=== Work to complete ===
From the first line to the last, please reproduce the material exactly, skipping the pictures.

=== Information supplied ===
========================================================================

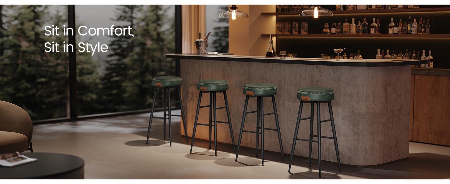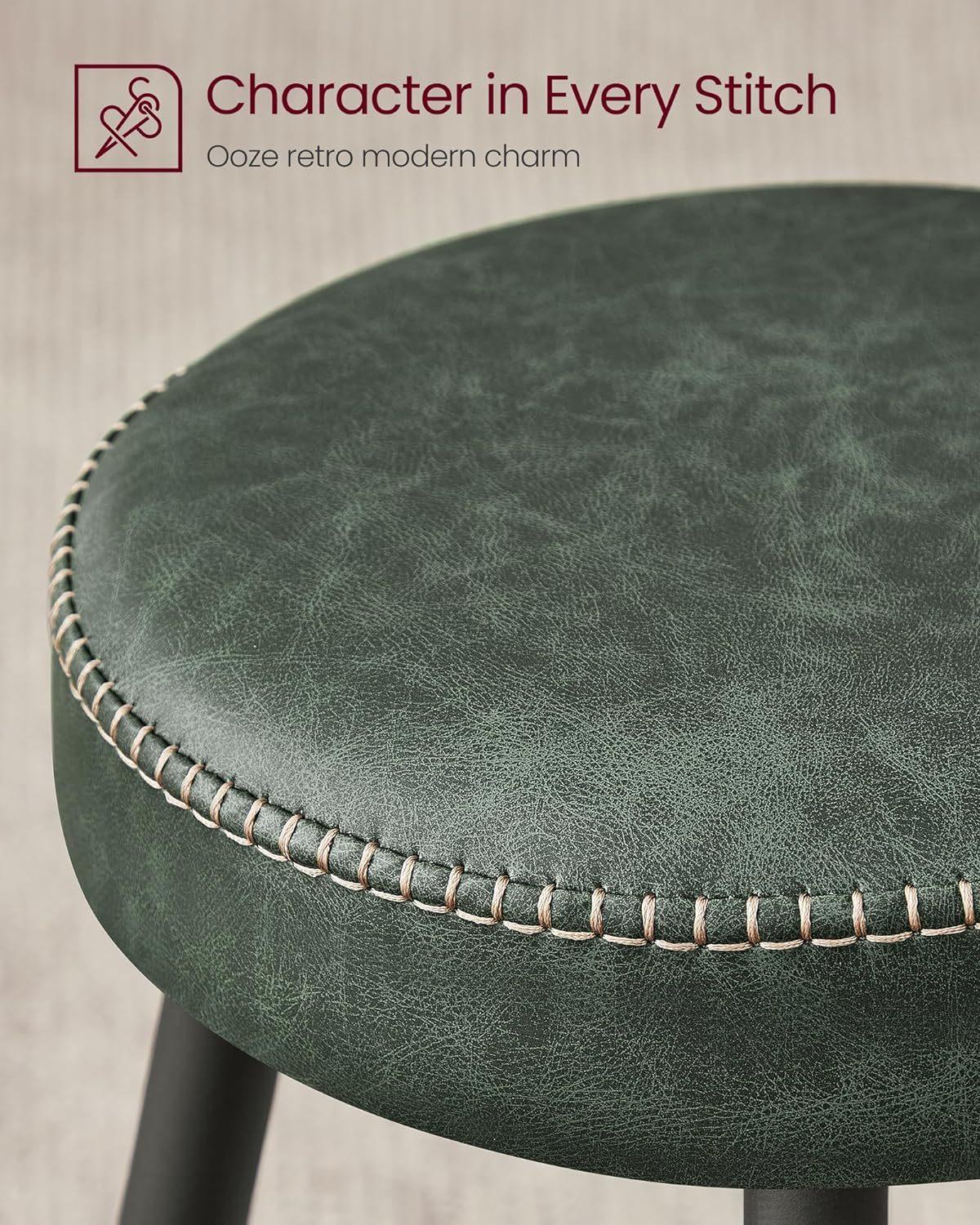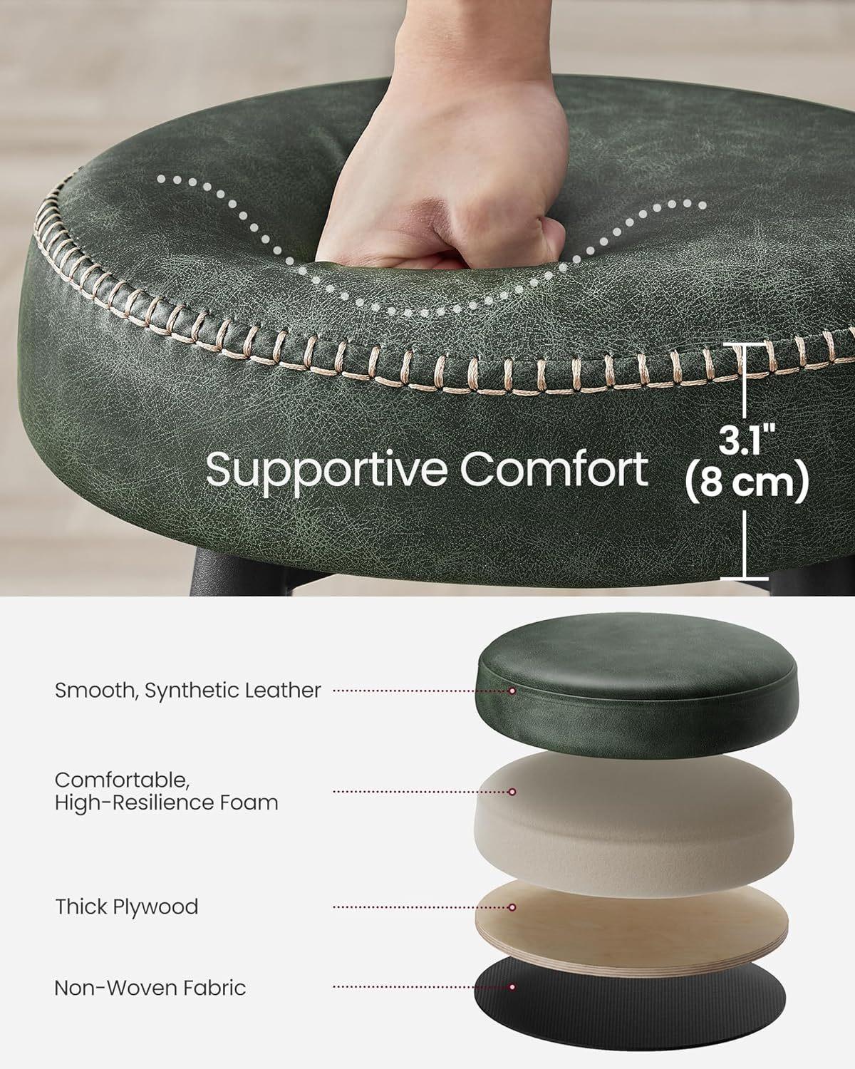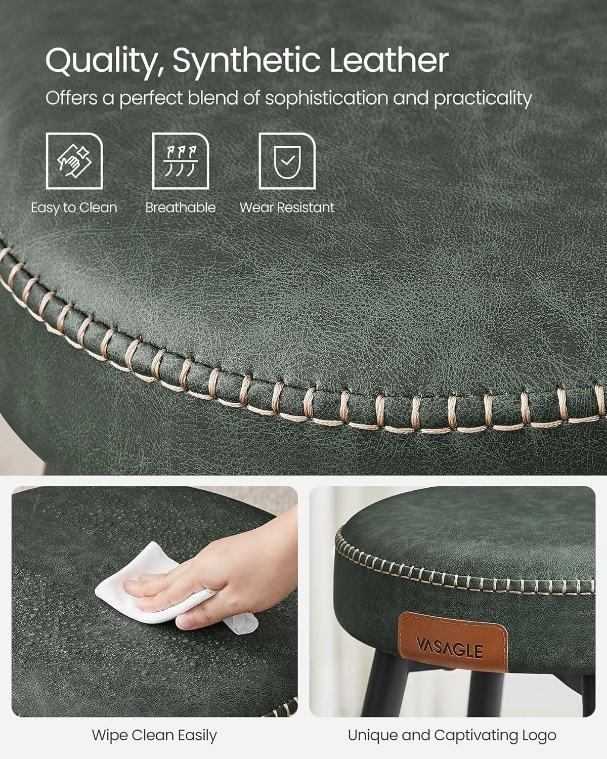 *_VASAGLE Ekho Collection Bar Stools Set of 2 – Forest Green_** Enhance Your SpaceWitness the alluring blend of synthetic leather, refined stitching, and sleek tapered legs in these bar stools from the Ekho Collection, a tangible homage to the spirit of crafts, elevating your home to new heights of sophistication* Comfort at Every SitGlide your hand over the smooth cover, then ease into the supportive luxury of the 3.1" thick, high-resilience foam. These bar stools provide a comfortable seating experience that endures, standing the test of time* Adaptable EleganceThis set of 2 bar stools, featuring unique staggered footrests, is the ultimate game-changer. They effortlessly accommodate friends of all heights, offering an unmatched blend of comfort and versatility* Steadfast Stability, Gentle on FloorsWith swivel leveling feet, these kitchen stools ensure stability on uneven surfaces and gentle, scratch-free contact, instilling peace of mind for quiet drinks or lively parties* Effortlessly Clean and ChicOccasional spills? No worries! The water-resistant, synthetic leather cover can be wiped clean in a snap. The matte steel legs resist scratches, maintaining their sophisticated allure even with everyday use*Specifications** Color: Forest Green* Material: Steel, High-Resilience Foam, PU (Polyurethane) Leather, Plywood* Product Size: 20.3”D x 20.3”W x 30”H (51.6 × 51.6 × 76.2 cm)* Total Weight: 16.8 lb (7.6 kg)* Max. Static Load Capacity per Stool: 265 lb (120 kg)*Package Contents** 2 x Bar Stool* 1 x Accessory Kit* 1 x Instructions
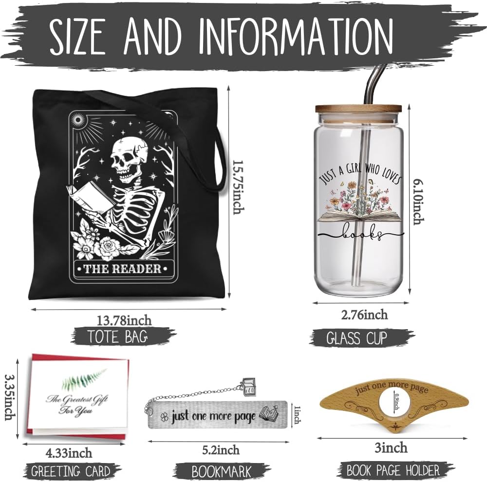 6pcs book boks homes pox pox pox للقراء تشمل نساء 16ozglass كأس ، إشارة مرجعية ، حقيبة حمل ، حامل صفحة الكتاب ، زخرفة الكتب ، هدايا مكتبة البطاقات لعشاق الكتب ، هدية نادي الكتاب لعيد الميلاد
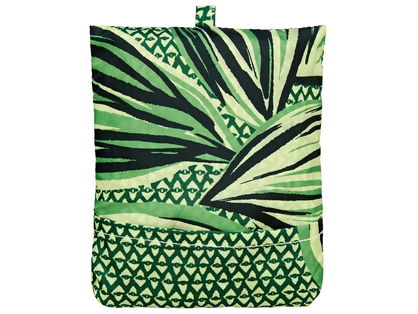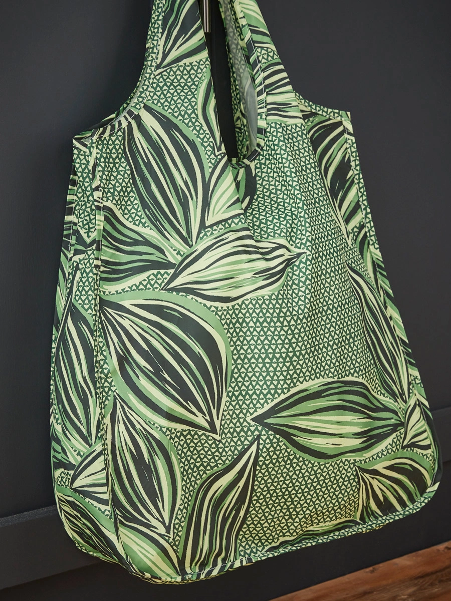 - Siatka na zakupy Geo Leaves w zielone liście. Dzięki łatwemu zwinięciu i zapięciu na guziki, może być przechowywana w torebce lub kieszeni.

========================================================================

=== Exercise answer ===
 *_VASAGLE Ekho Collection Bar Stools Set of 2 – Forest Green_** Enhance Your SpaceWitness the alluring blend of synthetic leather, refined stitching, and sleek tapered legs in these bar stools from the Ekho Collection, a tangible homage to the spirit of crafts, elevating your home to new heights of sophistication* Comfort at Every SitGlide your hand over the smooth cover, then ease into the supportive luxury of the 3.1" thick, high-resilience foam. These bar stools provide a comfortable seating experience that endures, standing the test of time* Adaptable EleganceThis set of 2 bar stools, featuring unique staggered footrests, is the ultimate game-changer. They effortlessly accommodate friends of all heights, offering an unmatched blend of comfort and versatility* Steadfast Stability, Gentle on FloorsWith swivel leveling feet, these kitchen stools ensure stability on uneven surfaces and gentle, scratch-free contact, instilling peace of mind for quiet drinks or lively parties* Effortlessly Clean and ChicOccasional spills? No worries! The water-resistant, synthetic leather cover can be wiped clean in a snap. The matte steel legs resist scratches, maintaining their sophisticated allure even with everyday use*Specifications** Color: Forest Green* Material: Steel, High-Resilience Foam, PU (Polyurethane) Leather, Plywood* Product Size: 20.3”D x 20.3”W x 30”H (51.6 × 51.6 × 76.2 cm)* Total Weight: 16.8 lb (7.6 kg)* Max. Static Load Capacity per Stool: 265 lb (120 kg)*Package Contents** 2 x Bar Stool* 1 x Accessory Kit* 1 x Instructions
 6pcs book boks homes pox pox pox للقراء تشمل نساء 16ozglass كأس ، إشارة مرجعية ، حقيبة حمل ، حامل صفحة الكتاب ، زخرفة الكتب ، هدايا مكتبة البطاقات لعشاق الكتب ، هدية نادي الكتاب لعيد الميلاد
 - Siatka na zakupy Geo Leaves w zielone liście. Dzięki łatwemu zwinięciu i zapięciu na guziki, może być przechowywana w torebce lub kieszeni.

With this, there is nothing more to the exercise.